Data-Driven Insights into Personality, Health, and Well-Being through Language Analysis With more than a quarter of the world’s population communicating actively on social media (e.g. Facebook, Instagram, Twitter), researchers are presented with an unprecedented resource into who we are -- our health and well-being. Utilizing natural language processing and machine learning techniques we seek to discover new behavioral and psychological factors of health and well-being as manifest through language in social media. However, with few exceptions, existing works have mostly applied methods that were originally developed for modeling documents or words rather than characteristics of people. We are undertaking a range of novel as well as tried-and-true language analysis techniques to answer big questions about human health, personality, and well-being.
Developing Methods of Human-Centered Language Processing While most tasks in Natural Language Processing are concerned with characterizing or transforming elements of documents (e.g. parts-of-speech tagging, syntactic parsing, machine translation, and sentiment analysis), the goal of human centered analysis is to measure or understand the users or communities generating those documents. This changes the way we can analyze language: (1) considering additional variables representing the human and/or social context, (2) it suggests consideration for change in language over time, and (3) motivates the need for understanding language beyond word-context as modern transformers do.
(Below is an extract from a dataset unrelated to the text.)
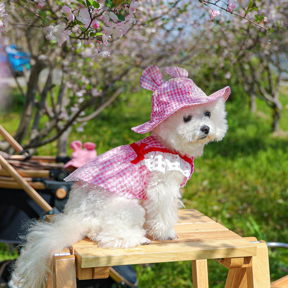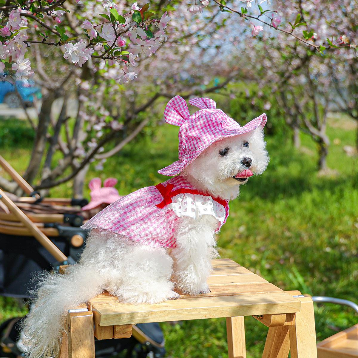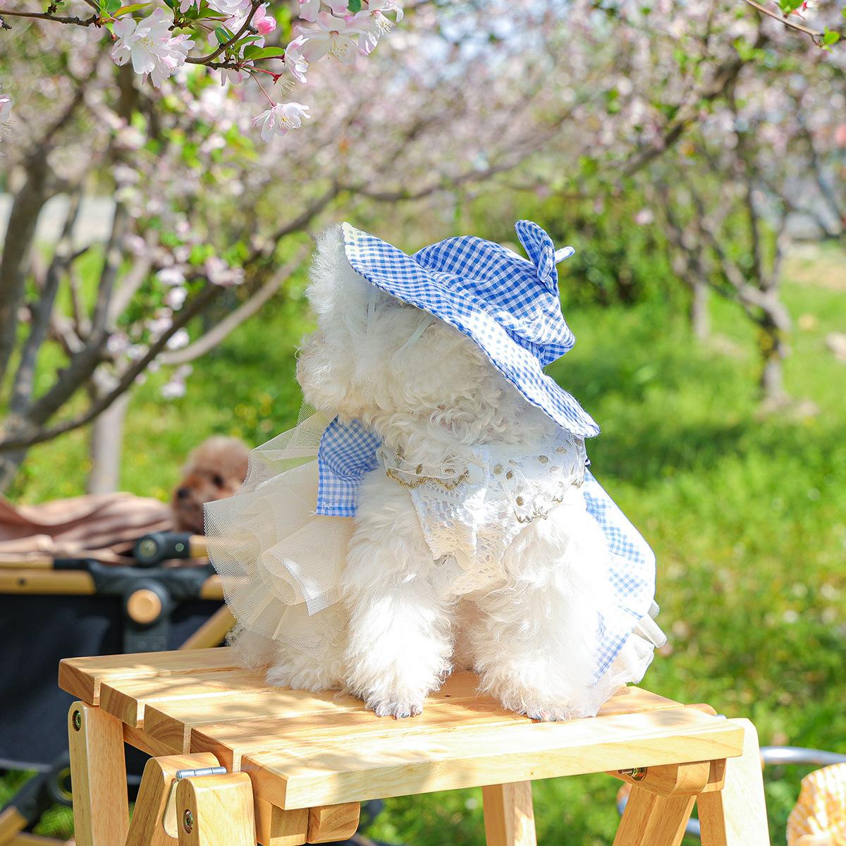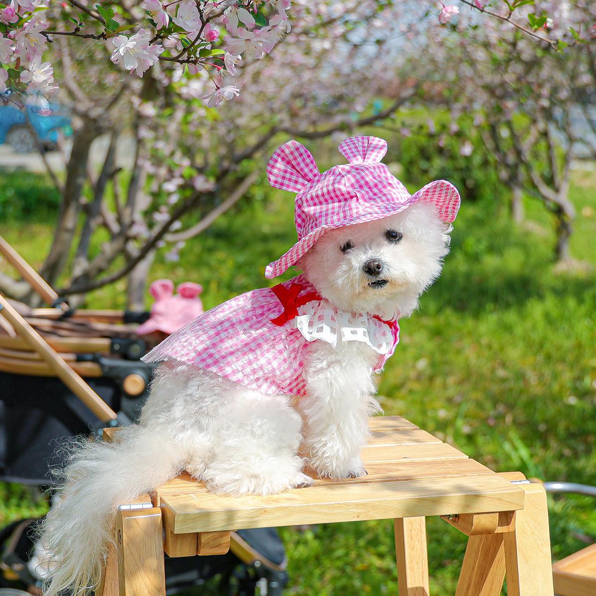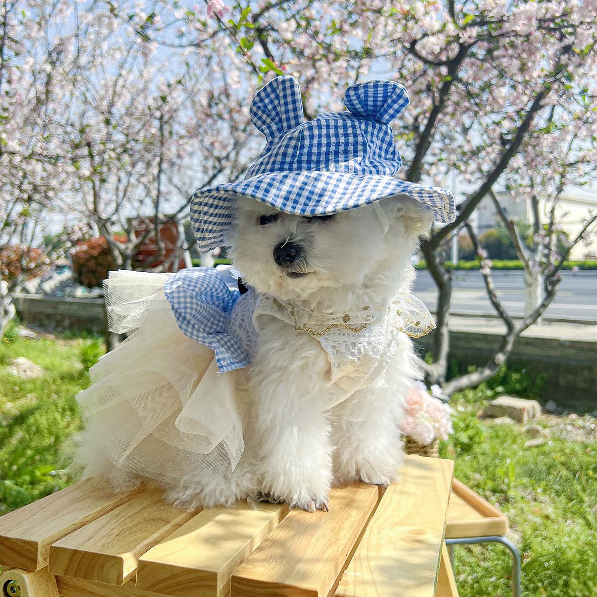 Roupas para animais de estimação Roupas para cães e gatos Roupas para cães pequenos para sair Bonito Moda casual Romântico Bonito Xadrez Chapéu de sol

Time-series and Longitudinal Language Analysis Tackling change in language opens the door to impactful applications such as forecasting psychological states or health events (e.g. suicide attempt, panic attack, heart disease onset). Longitudinal studies and time series analyses have a long history which has yielded a vast repertoire of possible methods to build off (Zeger and Liang, 1986; Frees, 2004). On the other hand, NLP has a long history of tackling sequences of characters, words, or phrases. However, the mix of the two, tracking sequences in language across time, brings new key challenges. The goal now is often not predicting language itself but a latent mental state of an individual for which posts on social media serve as a source of noisy evidence. Further, some people post hourly while others post only weekly or monthly, and even within individuals post vary from dozens of times within a week to none at all.
Effective Integration of Extra-Linguistic Controls in Human-Centered Language Processing Many problems in NLP rely on making predictions simply from textual data itself, but other information about people is often available and useful. In fact, sometimes such information is necessary. For example, early NLP work in mental health classification failed to consider the age and gender of users being classified but it turned out that a substantial portion of early system prediction accuracy was due simply to distinguishing language by age (Preotiuc-Pietro et al., 2015). Other fields studying humans have adopted a standard expectation that a study will control for basic human traits – such as age and gender as well as theoretically related variables (Gazzaniga and Heatherton, 2015) – such socioeconomic variables for health outcomes or, to take an NLP example, political ideology in the case of stance detection. A key challenge in integrating these extra-linguistic variables, referred to as controls, is in handling their different characteristics as compared to linguistic features – controls tend to be much less sparse and less noisy than signal from linguistic features.
Multi-level Modeling Human Communication Analyzing language about people introduces inherent multi-level structure of data: communities contain multiple people who each generate multiple documents of personal discourse. A key challenge is that linguistic variables tend to be distributed very differently at each level of analysis (Almodaresi et al., 2017) (e.g. “love” is sparse at document-level, more log-normal at the user-level, and more normal at the community-level), and aggregation by location can introduce systematic biases (e.g. “love” may be mentioned multiple orders of magnitude more often in Love, Texas). We seek to account for these differences and enable models to be applied at multiple levels of analysis.